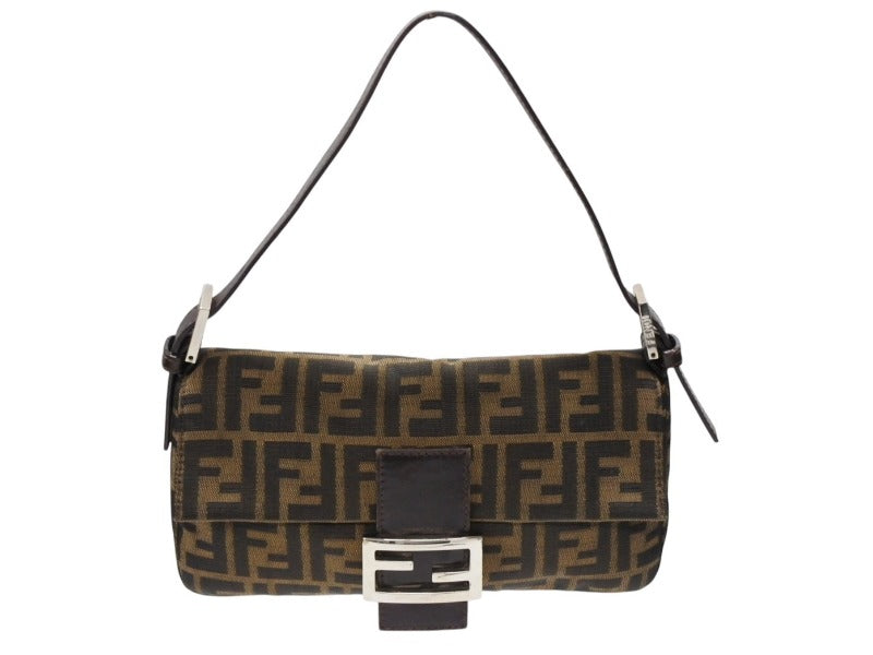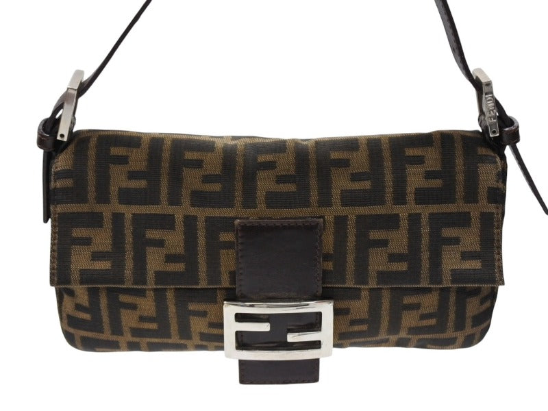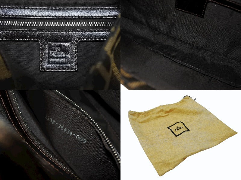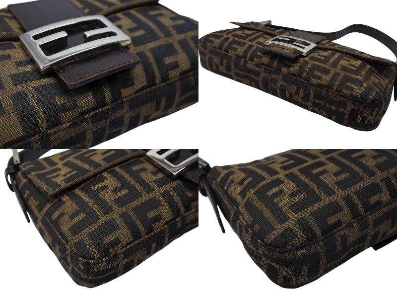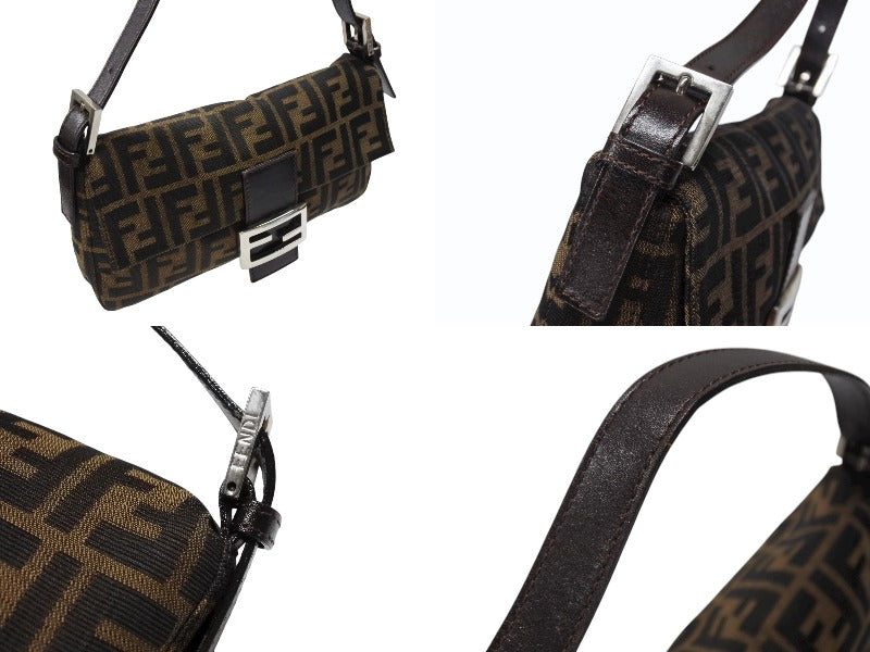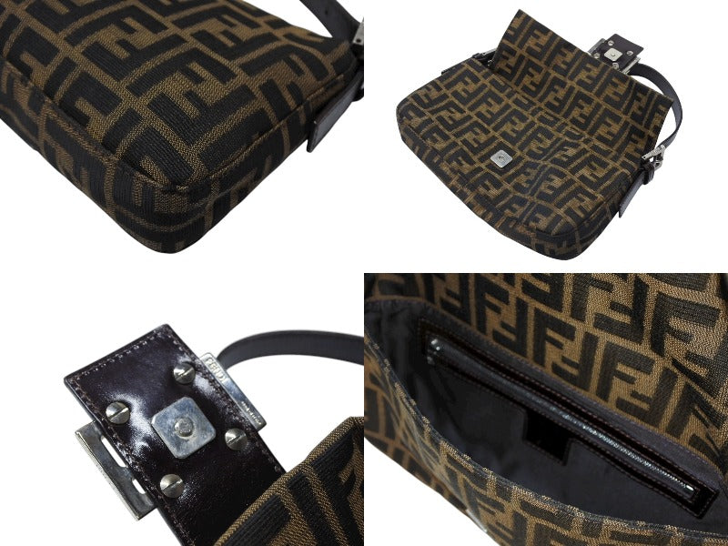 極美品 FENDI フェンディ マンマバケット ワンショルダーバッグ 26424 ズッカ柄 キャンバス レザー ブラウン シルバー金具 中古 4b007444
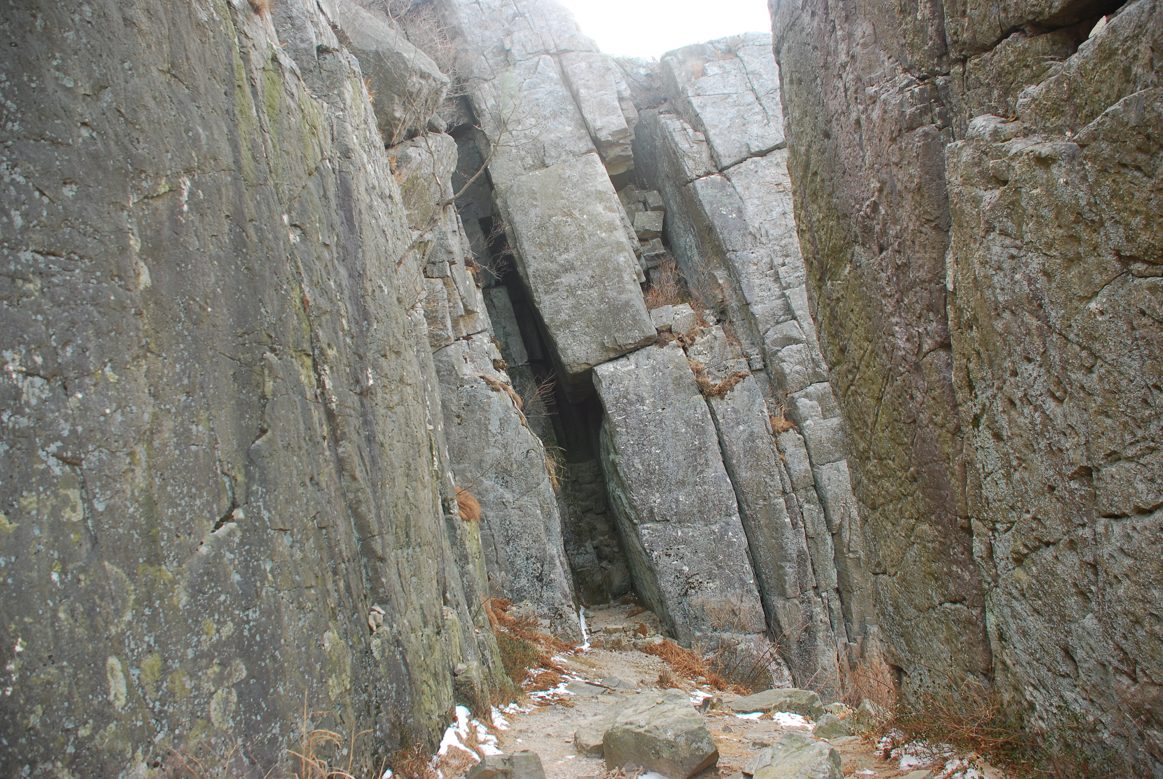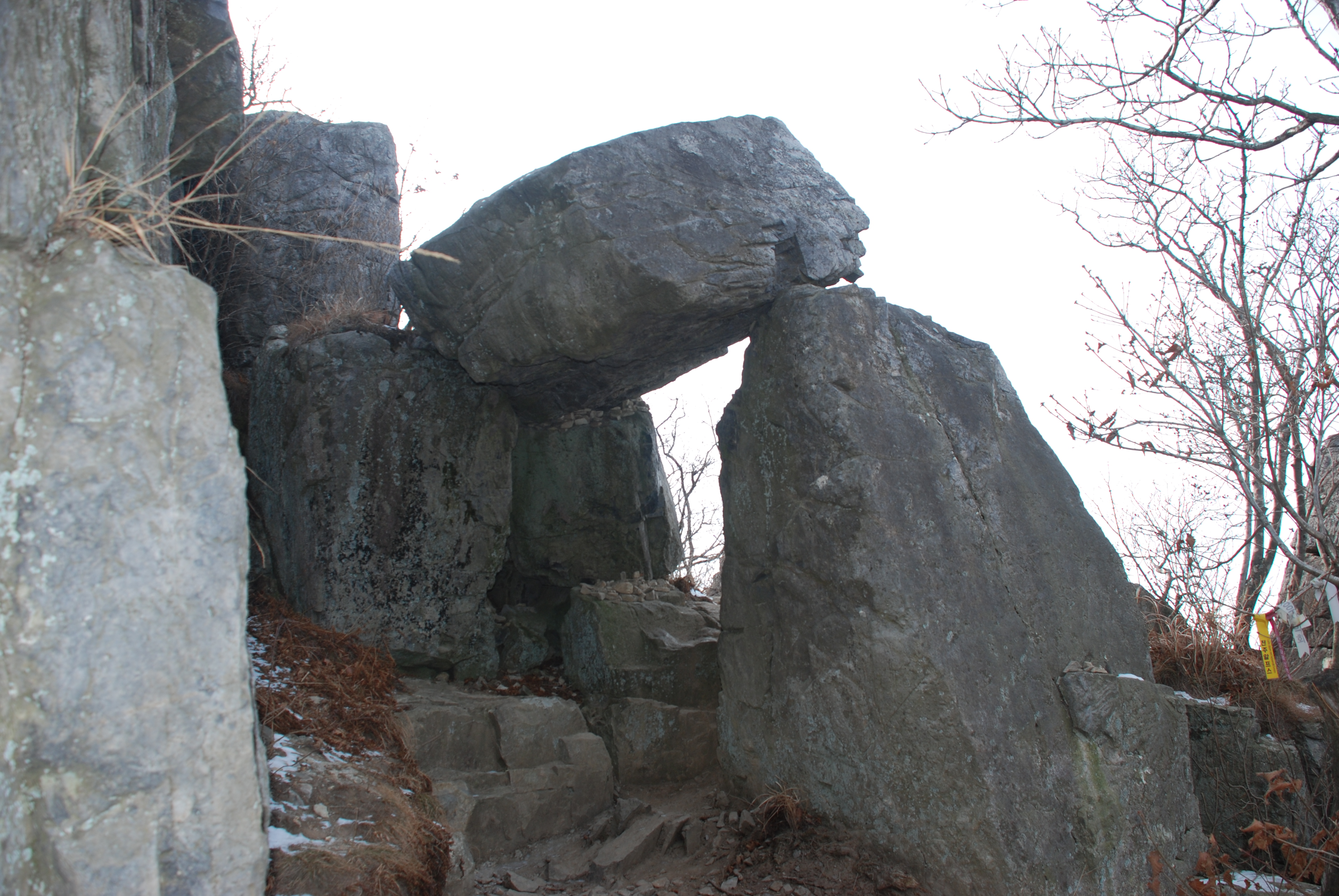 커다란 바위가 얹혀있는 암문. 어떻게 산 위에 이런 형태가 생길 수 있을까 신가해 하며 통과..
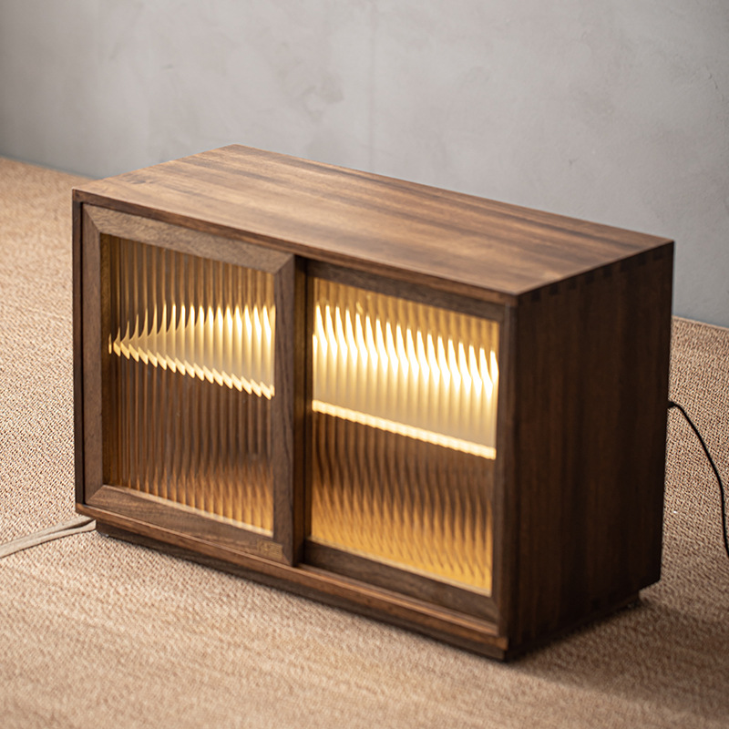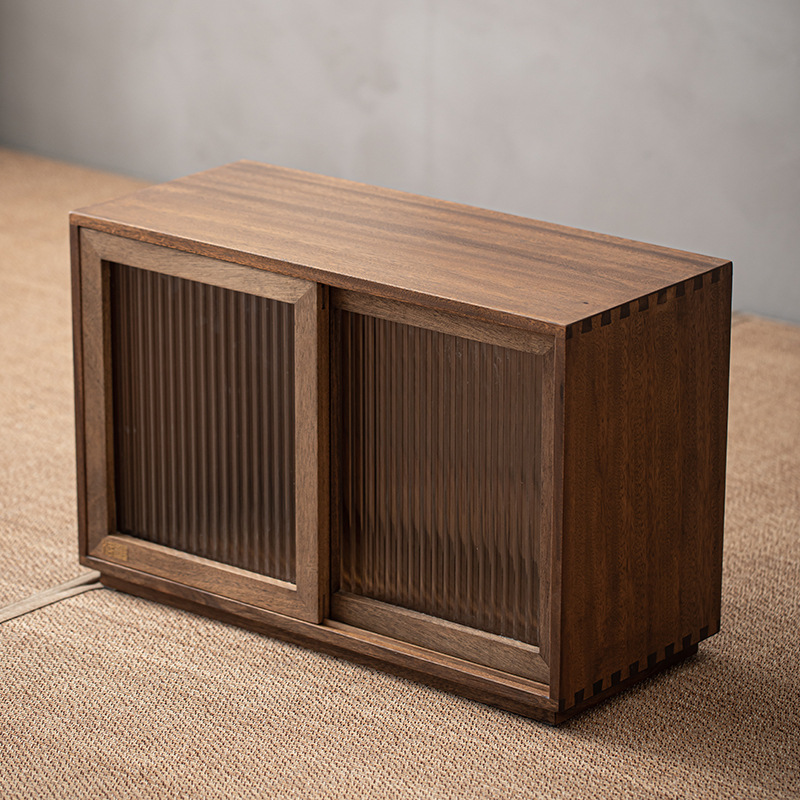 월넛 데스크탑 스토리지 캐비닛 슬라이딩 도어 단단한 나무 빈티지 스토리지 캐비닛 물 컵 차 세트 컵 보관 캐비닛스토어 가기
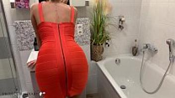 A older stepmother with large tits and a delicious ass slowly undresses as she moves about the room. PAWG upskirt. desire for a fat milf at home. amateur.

_WORK TO COMPLETE_. The expected result is the data above in exact form, free of pictures.

_SOLUTION FOR THIS TASK_.
 極美品 FENDI フェンディ マンマバケット ワンショルダーバッグ 26424 ズッカ柄 キャンバス レザー ブラウン シルバー金具 中古 4b007444
 커다란 바위가 얹혀있는 암문. 어떻게 산 위에 이런 형태가 생길 수 있을까 신가해 하며 통과..
 월넛 데스크탑 스토리지 캐비닛 슬라이딩 도어 단단한 나무 빈티지 스토리지 캐비닛 물 컵 차 세트 컵 보관 캐비닛스토어 가기
 A older stepmother with large tits and a delicious ass slowly undresses as she moves about the room. PAWG upskirt. desire for a fat milf at home. amateur.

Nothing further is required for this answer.